On the off chance that you are perusing this, at that point you are most likely mindful that GDPR orders all organizations that acknowledge information from EU natives to be in consistence with their administration standards by May 2018. For certain ventures, this has brought about the need to reinforce their security systems by joining information veiling best practices.

There are numerous kinds of information that can be ensured utilizing covering, however some ordinarily utilized in the business world incorporate the accompanying:

PII or Personally recognizable data

PHI or Protected wellbeing data

PCI-DSS or Payment card data

ITAR or Intellectual property

The majority of the above models are liable to consistence with administration standards.

Types of Data Masking

There a couple of various sorts of information veiling to know about as you consider subsequent stages. Most specialists would concur that information veiling is static or dynamic, with one exemption — on-the-fly information covering.

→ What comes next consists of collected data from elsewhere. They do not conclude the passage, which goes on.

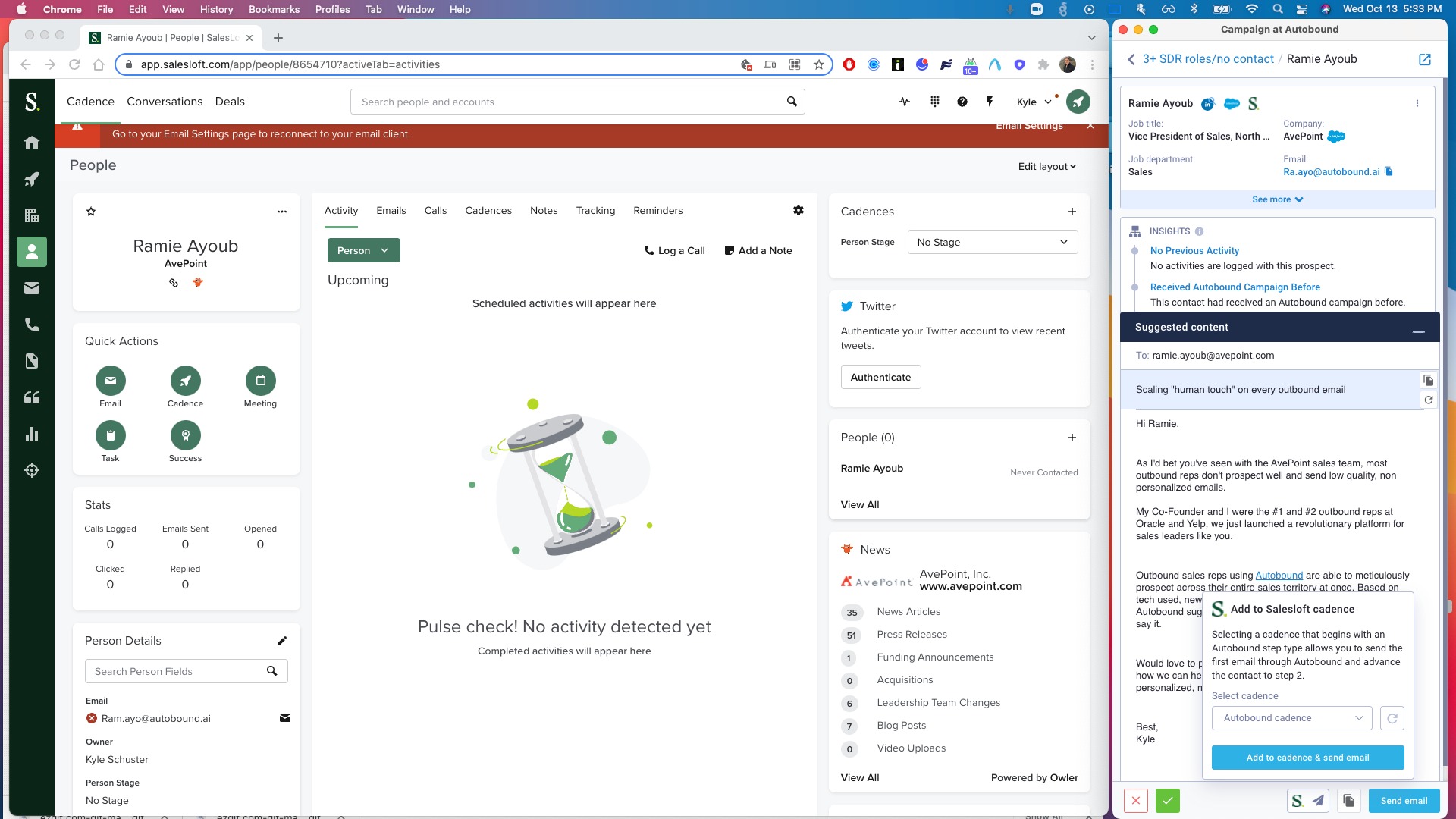 Our engine represents a different, "inside-out" approach to outbound sales. Autobound integrates all the data sellers care about in one place, then suggests the right message to send to the right contact at the right time. Autobound can generate personalized emails more than 6x faster than the average seller.
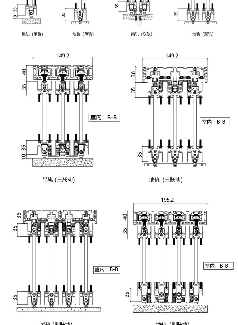 完美系统-推拉/吊躺门 完美40*12,12.0实心料
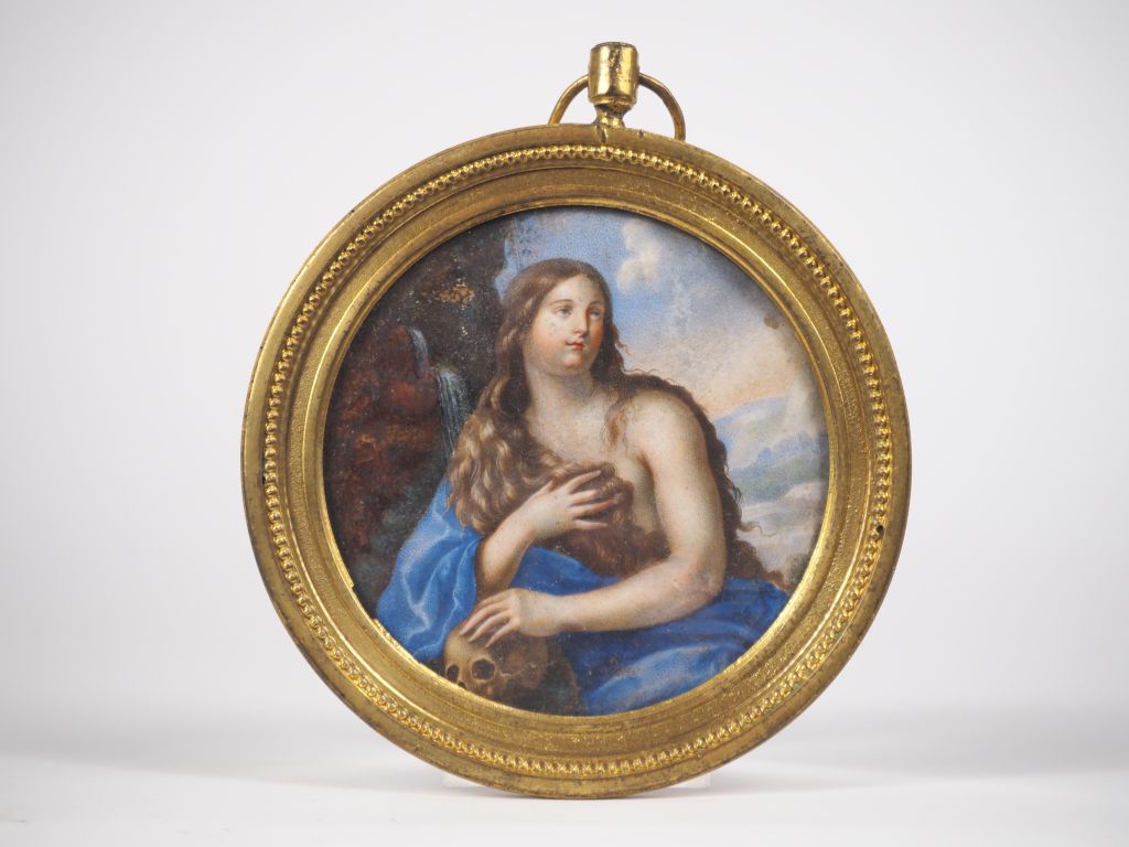 Miniature XVIIIème dans un cadre en bronze doré, "Sainte Madeleine". Diam. (à vue) : 9 cm.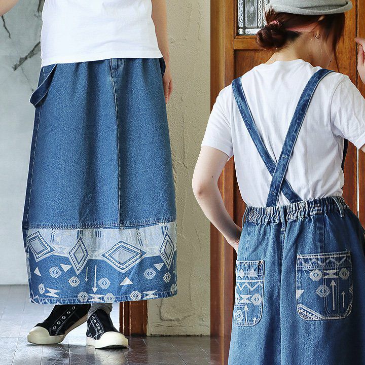 アメカジデニムがお好きなら。 バルーンスカート デニム レディース トライバル柄 配色切り替え 綿100% 中肉厚 ウエストゴム ゆったり 体型カバー カジュアル アメカジ PATY パティ
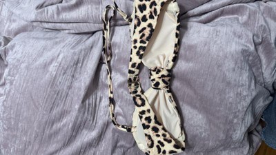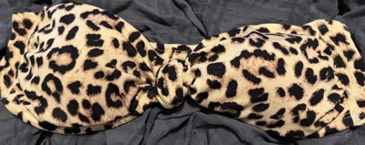 Give your swimwear closet a roaring update with this Leopard Print Bandeau Bikini Top from Shade & Shore™. Made from soft and stretchy ribbed fabric with full lining for flexibility and comfort, this bandeau bikini top boasts a leopard pattern with a knotted front for an on-trend look. Removable cups offer customizable coverage, and the back hook closure provides a snug fit. Plus, removable straps let you change up the look in an instant.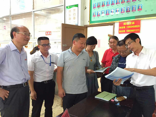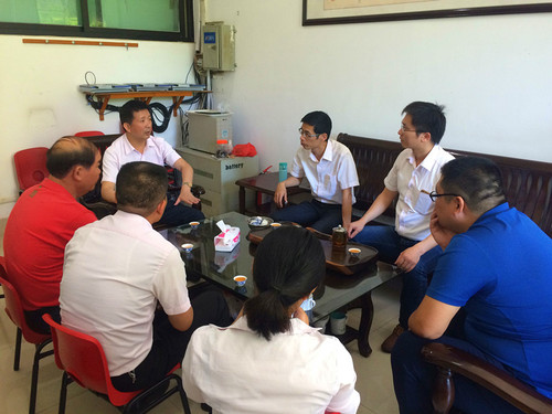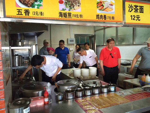 5月8日,后勤集团总经理林公明,党委副书记邓泽君,总经理助理、漳州校区服务办公室主任吴泱对漳州校区餐厅进行安全工作抽查。当天集团领导一行首先拜访了厦大附中姚跃林校长,并邀请姚校长一同就厦大附中餐厅的安全生产工作开展情况进行检查。检查过程中,整齐显眼的标志、内容完备的登记表、统一管理的食品原材料、餐车等物料与设备令人一目了然、印象深刻。为此,姚校长对厦大附中餐厅推行的“5D”现场管理体系给予了充分肯定。林公明总经理则要求厦大附中餐厅继续保持,做好“5D”推行工作。

Here’s a gander at three principle sorts of information veiling:

Static Data Masking

Static information veiling alludes to the procedure where significant information is conceal in the first database condition. The substance is copied into a test situation, and would then be able to be shared around outsider merchants or other important gatherings.

Information is covered and removed in the generation database and moved into the test database. While this might be an important procedure for working with outsider experts, it’s not perfect. That is on the grounds that all through the way toward covering information for a copy database, genuine information is separated which can leave an indirect access open that energizes breaks.

Dynamic Data Masking

In powerful information covering, computerization and guidelines enable IT offices to verify information continuously. That implies it never leaves the creation database, and accordingly is less powerless to dangers.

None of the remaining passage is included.